Гичи Вапе изумлённо посмотрел на него и захохотал. Засмеялся и Громовой Камень. Отсмеявшись, Гичи Вапе хлопнул его по плечу.

– А ты всё тот же. Скажешь, так скажешь. Но я серьёзно.

– Я тоже.

Громовой Камень достал сигареты. Гичи Вапе встал и принёс со стола глиняный черепок-пепельницу, поставил на лежак между ними, тоже достал сигареты. Ритуально обменялись и закурили. В общем, уже всё ясно и понятно, но надо не так договориться, как выговориться.

– Понимаешь, – Гичи Вапе как-то смущённо усмехнулся, – когда мы по резервациям ездили, ты, кстати, хоть одну видел? – Громовой Камень молча мотнул головой. – Жуткое зрелище, а по сути ещё страшнее. Так вот, я там с одним парнем столкнулся, индеец, но жил не в резервации, а работал пастухом у какой-то местной сволочи-лендлорда. И вот, представь, ни за что не хотел уезжать.

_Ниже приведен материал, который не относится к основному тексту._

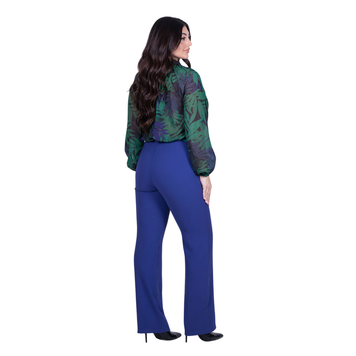 Gomore, εντυπωσιακό, παντελόνι μωβ, γυναικείο, χυτό, κρεπ, κλασικό, ελαστικό, με ψηλή μέση και χωρίς τσέπες. Κλείνει με εσωτερικό φερμουάρ στο μπροστινό του μέρος.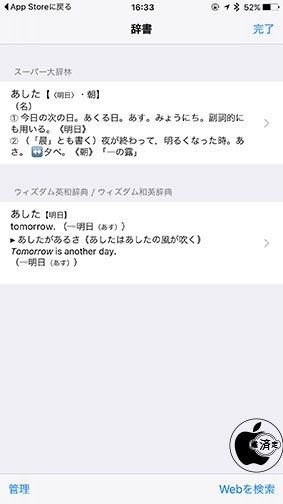 辞書をタップすると、Apple用用語辞典に加え、iOS 6以降から内蔵されている三省堂の「スーパー大辞林」「ウィズダム英和辞典」「ウィズダム和英辞典」辞書を使って検索することができます。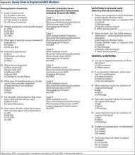 Data were stored using Microsoft Excel (Microsoft) and analyzed using SAS Software version 9.3 (SAS Institute, Inc.). Demographic survey responses were reported using descriptive statistics. Responses to clinical survey questions were reported using frequencies and percentages. To identify when a majority consensus was achieved for a given question, responses were flagged as reaching consensus when more than 50% of participants gave the same response.13In the event that only 2 response options were available, reaching consensus required 67% of respondents to choose a single answer (since, by default, a consensus would be reached with only 2 response options). Because this was an analysis of all respondents, an a priori power calculation was not performed. Associations between training and practice demographics and responses to clinical questions were investigated using chi-square analyses. All comparative analyses were two-tailed and used P = .05 as the threshold for statistical significance.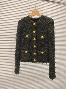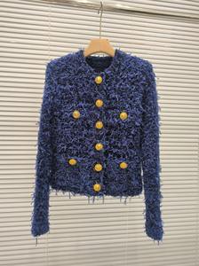 2025法式小香风气质名媛轻奢金属扣粗花呢圆领短款外套修身上衣
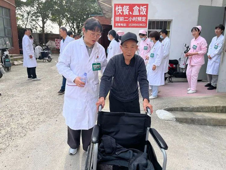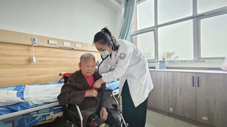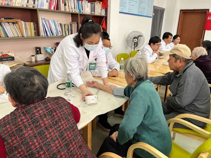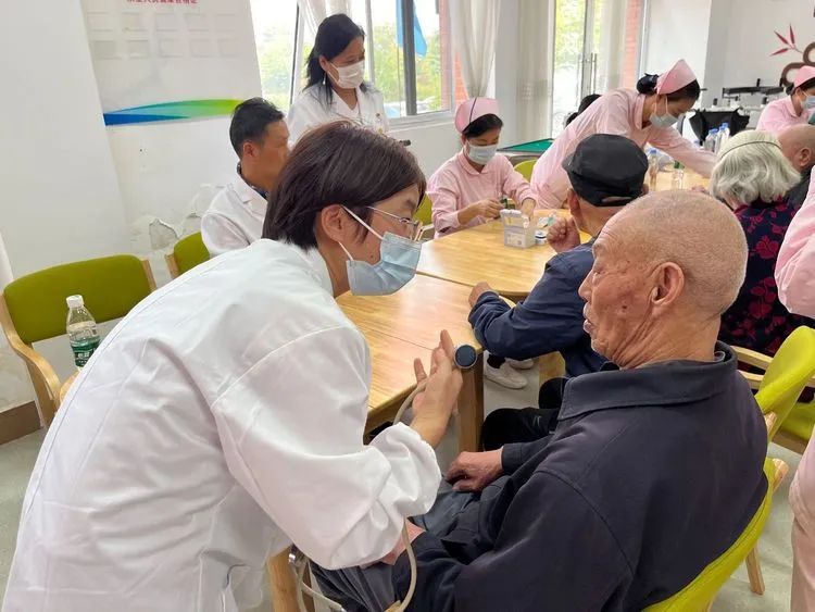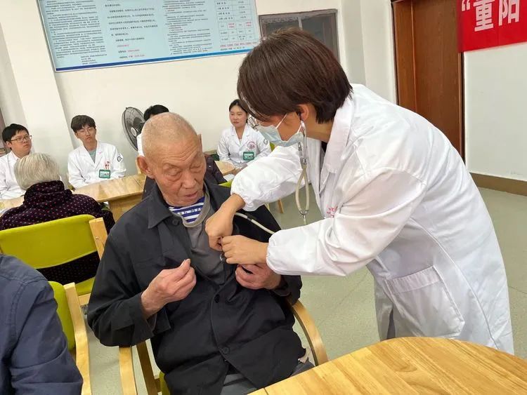 一位头发花白的老奶奶坐在椅子上,紧张地看着医生为她测量血压。医生微笑着安慰她:“奶奶,别紧张,您的血压有点高,平时要注意饮食清淡,多休息。”老奶奶连连点头,眼中满是感激。旁边的一位老爷爷则对医生竖起了大拇指:“你们这些医生真是太好了,在重阳节还前来看望,让我们感受到了社会的关爱。”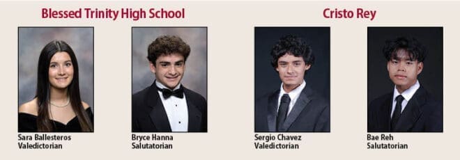 The 2023 valedictorian at Blessed Trinity High School is Sara Ballesteros, daughter of Eliana Perez and Diego Ballesteros. The family worships at St. Peter Chanel Church, Roswell. Ballesteros plans to attend Georgia Institute of Technology to study industrial and systems engineering.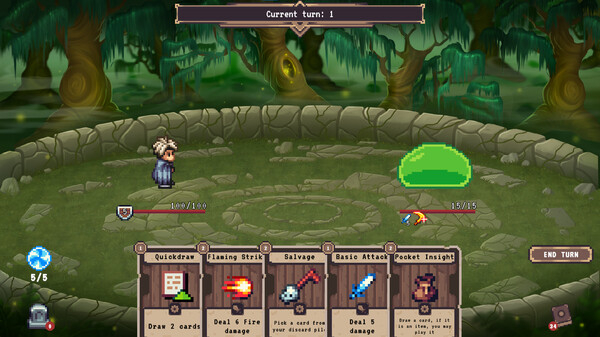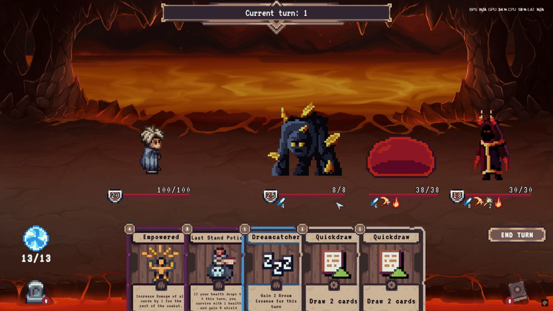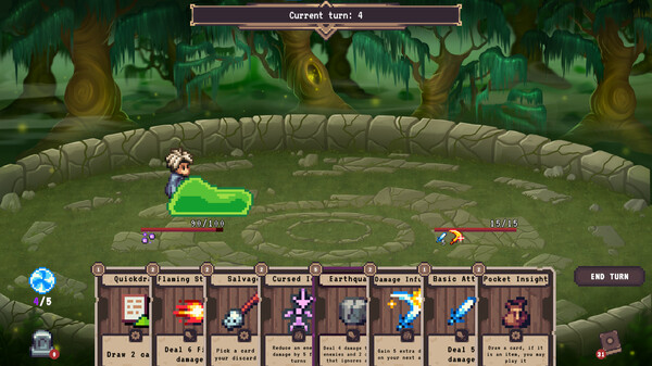Turn-based combat with animated enemies. Face different elemental foes with special Moves: Stuns, poison, burn, deck disruption, and more - forcing you to adapt as you progress.

– Почему? – удивился Громовой Камень.

– Говорил, что ему и так хорошо. Ну, это, понятно, одни слова, да и смотря с чем сравнивать, но дело было не в жратве. А в том, что он не хотел быть индейцем, представляешь? Не веришь? Я ему говорю, что с племенем лучше, а он мне, что на хрена ему игры с перьями. Представляешь? Вся культура наша ему… игры с перьями! И не метис, индеец, чистый.

– Не уговорил ты его?

– Куда там! Я для него не авторитет. Ни погоны, ни ордена мои… Ну, этого, положим, и остальные не понимали. Но такое… И вот, понимаешь, зацепил он меня. Не могу забыть. Я потому и стал думать о таких. Навёл справки в беженском комитете.

– Это где Бурлаков заправляет?

– Он в комитете узников и жертв. Но это формально, а фактически всю репатриацию контролирует. Все угнанные – это же жертвы. Ну и…

– Слушай, – перебил его Громовой Камень. – Нашему бы, ветеранскому комитету, да бурлаковские деньги. А? Чтоб кроме дембельских ещё бы на обустройство получить.

– Размечтался! – хмыкнул Гичи Вапе. – У нас рохля в председателях, вот и получаем вместо ссуды тёплые слова и наилучшие пожелания. А откуда у бурлаковцев деньги… болтают разное. В основном, одобрительно. Дескать, грабит Империю.

– Её можно, – кивнул Громовой Камень. – И нужно.

– Да, жалко, что наш Совет не успел присоединиться, но тут уж… кто за трофеями не успел, тот и опоздал. Ладно, это в сторону, так вот, которые едут через его комитет, это интегрированные одиночки, до нас они не доезжают.

– Так ты ж сам говоришь, интегрированные, мы им не нужны.

– А они нам? И ещё. Мы им нужны, а что они этого ещё не поняли… Ну, так это и будет твоей работой.

Громовой Камень медленно, но уверенно кивнул.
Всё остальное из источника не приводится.